» **Data extract**
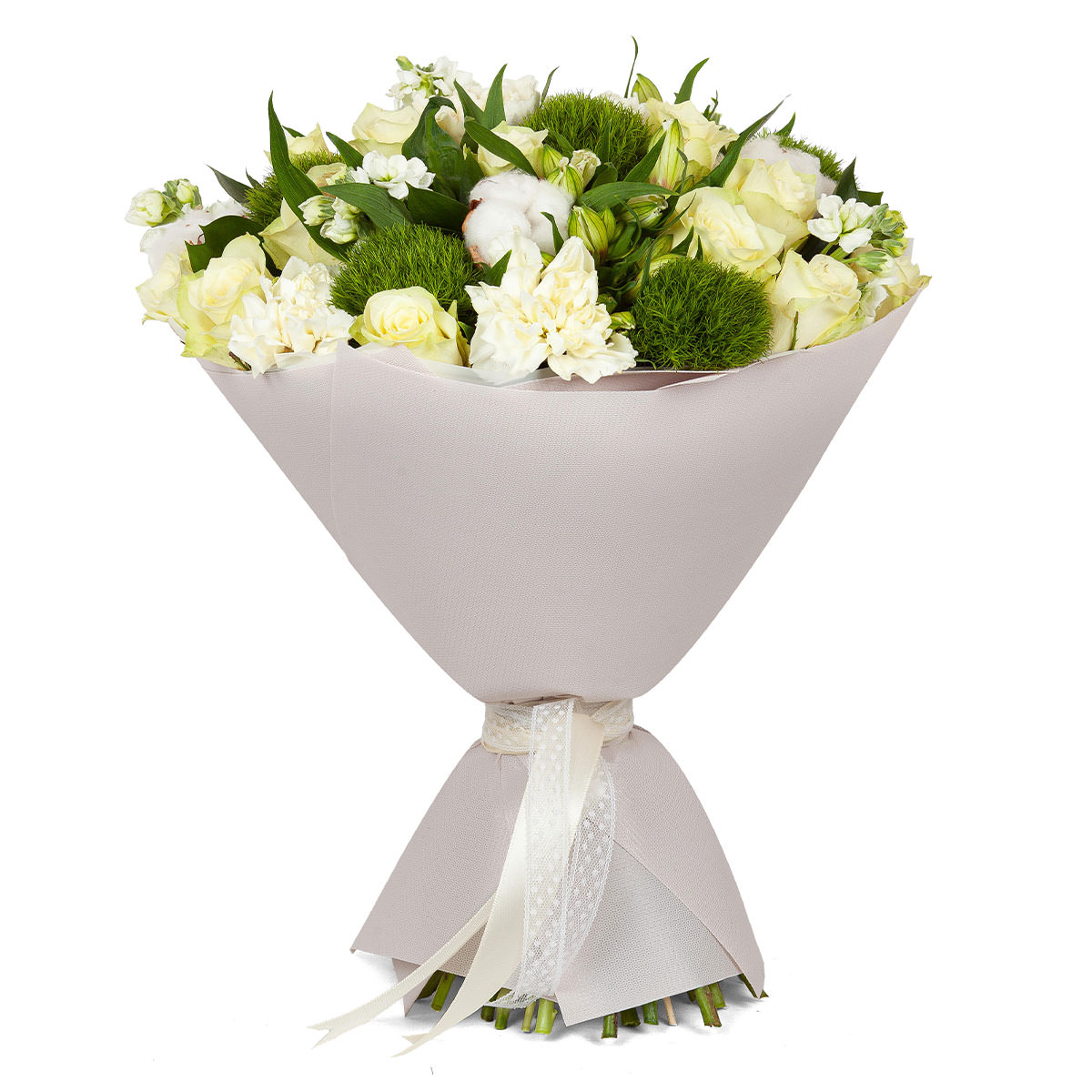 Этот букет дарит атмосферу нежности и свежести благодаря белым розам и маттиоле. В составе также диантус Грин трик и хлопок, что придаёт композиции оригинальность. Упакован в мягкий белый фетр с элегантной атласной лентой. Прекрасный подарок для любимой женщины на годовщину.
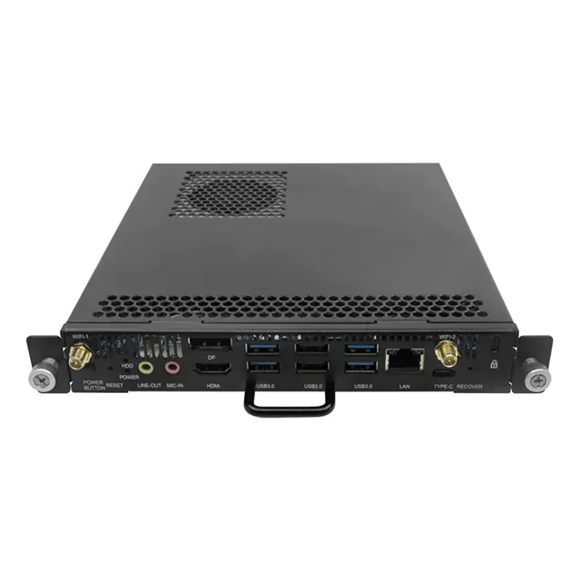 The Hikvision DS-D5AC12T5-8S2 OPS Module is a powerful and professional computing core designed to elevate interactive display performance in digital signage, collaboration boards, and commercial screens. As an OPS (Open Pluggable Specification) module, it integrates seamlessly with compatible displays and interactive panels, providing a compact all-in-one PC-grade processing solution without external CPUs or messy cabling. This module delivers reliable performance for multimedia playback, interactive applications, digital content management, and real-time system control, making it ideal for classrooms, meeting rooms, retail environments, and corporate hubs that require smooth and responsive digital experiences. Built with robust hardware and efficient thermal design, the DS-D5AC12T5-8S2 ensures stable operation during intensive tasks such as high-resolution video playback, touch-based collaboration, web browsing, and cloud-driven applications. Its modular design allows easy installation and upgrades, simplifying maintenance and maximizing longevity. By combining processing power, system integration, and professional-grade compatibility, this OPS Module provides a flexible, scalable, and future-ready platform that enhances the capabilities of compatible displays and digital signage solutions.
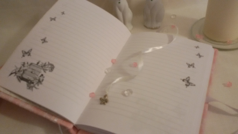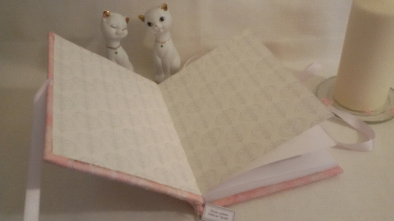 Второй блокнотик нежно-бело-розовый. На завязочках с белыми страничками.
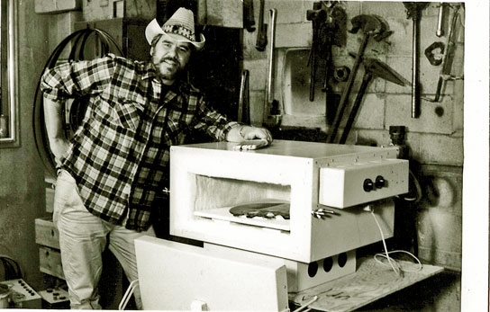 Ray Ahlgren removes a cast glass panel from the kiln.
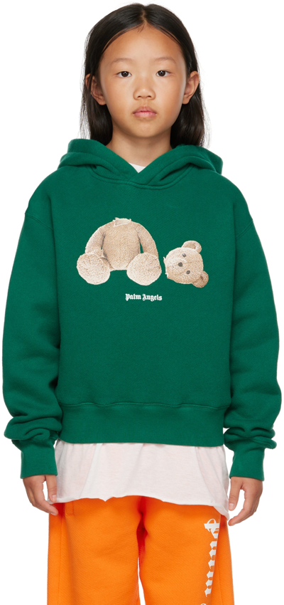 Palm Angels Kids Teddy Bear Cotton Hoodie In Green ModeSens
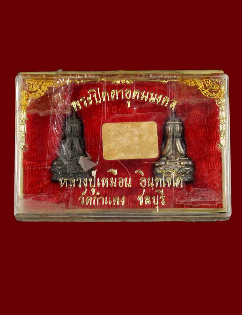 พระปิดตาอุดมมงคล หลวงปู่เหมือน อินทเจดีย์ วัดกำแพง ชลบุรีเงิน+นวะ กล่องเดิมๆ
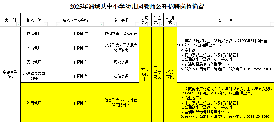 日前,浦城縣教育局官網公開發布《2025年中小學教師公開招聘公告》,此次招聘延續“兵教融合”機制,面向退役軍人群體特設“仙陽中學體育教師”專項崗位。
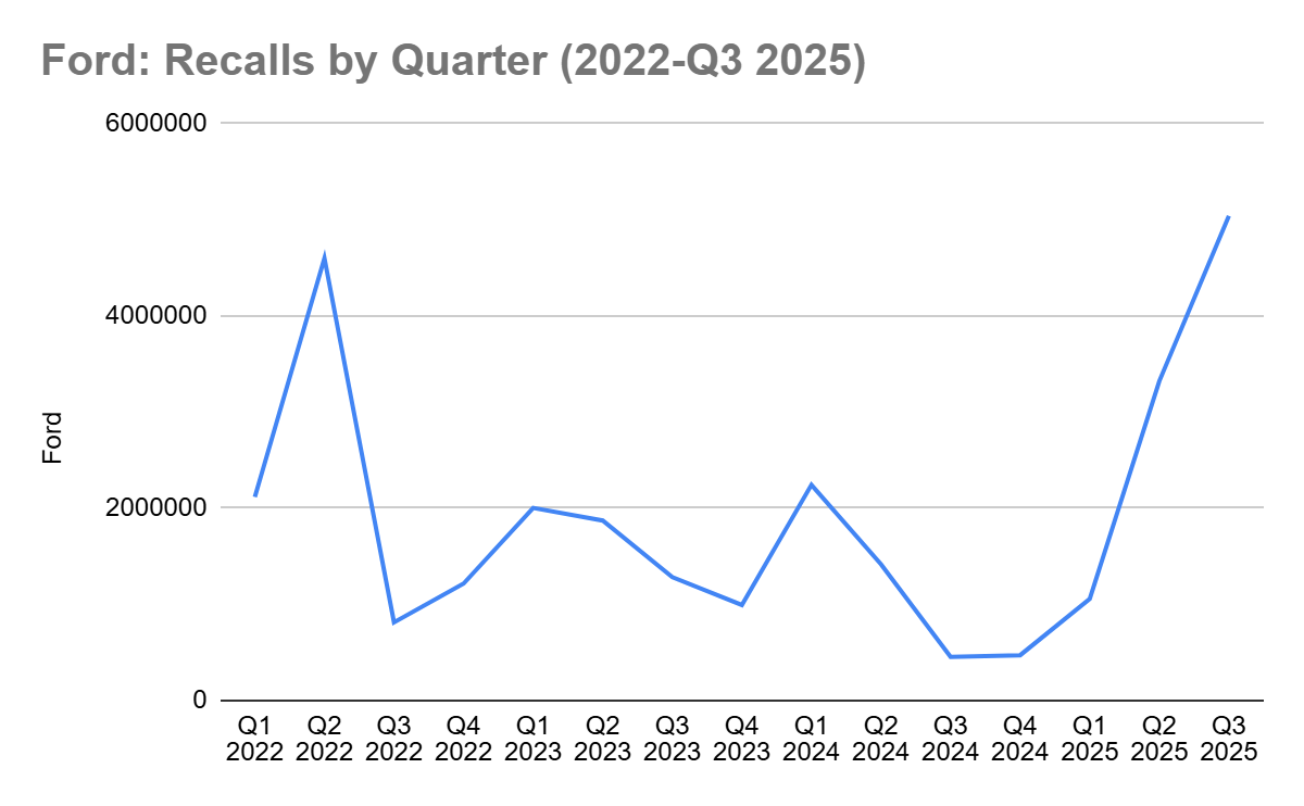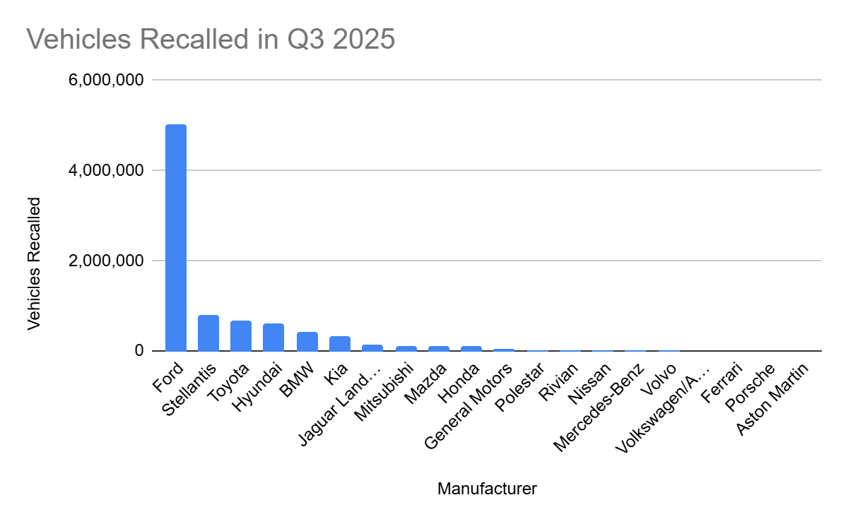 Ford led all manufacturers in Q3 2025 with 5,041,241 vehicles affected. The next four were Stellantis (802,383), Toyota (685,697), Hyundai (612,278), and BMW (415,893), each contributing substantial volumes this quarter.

» **Required action**
Copy each entry exactly as written, and drop the pictures from the copy.

» **Result of the exercise**
 Этот букет дарит атмосферу нежности и свежести благодаря белым розам и маттиоле. В составе также диантус Грин трик и хлопок, что придаёт композиции оригинальность. Упакован в мягкий белый фетр с элегантной атласной лентой. Прекрасный подарок для любимой женщины на годовщину.
 The Hikvision DS-D5AC12T5-8S2 OPS Module is a powerful and professional computing core designed to elevate interactive display performance in digital signage, collaboration boards, and commercial screens. As an OPS (Open Pluggable Specification) module, it integrates seamlessly with compatible displays and interactive panels, providing a compact all-in-one PC-grade processing solution without external CPUs or messy cabling. This module delivers reliable performance for multimedia playback, interactive applications, digital content management, and real-time system control, making it ideal for classrooms, meeting rooms, retail environments, and corporate hubs that require smooth and responsive digital experiences. Built with robust hardware and efficient thermal design, the DS-D5AC12T5-8S2 ensures stable operation during intensive tasks such as high-resolution video playback, touch-based collaboration, web browsing, and cloud-driven applications. Its modular design allows easy installation and upgrades, simplifying maintenance and maximizing longevity. By combining processing power, system integration, and professional-grade compatibility, this OPS Module provides a flexible, scalable, and future-ready platform that enhances the capabilities of compatible displays and digital signage solutions.
 Второй блокнотик нежно-бело-розовый. На завязочках с белыми страничками.
 Ray Ahlgren removes a cast glass panel from the kiln.
 Palm Angels Kids Teddy Bear Cotton Hoodie In Green ModeSens
 พระปิดตาอุดมมงคล หลวงปู่เหมือน อินทเจดีย์ วัดกำแพง ชลบุรีเงิน+นวะ กล่องเดิมๆ
 日前,浦城縣教育局官網公開發布《2025年中小學教師公開招聘公告》,此次招聘延續“兵教融合”機制,面向退役軍人群體特設“仙陽中學體育教師”專項崗位。
 Ford led all manufacturers in Q3 2025 with 5,041,241 vehicles affected. The next four were Stellantis (802,383), Toyota (685,697), Hyundai (612,278), and BMW (415,893), each contributing substantial volumes this quarter.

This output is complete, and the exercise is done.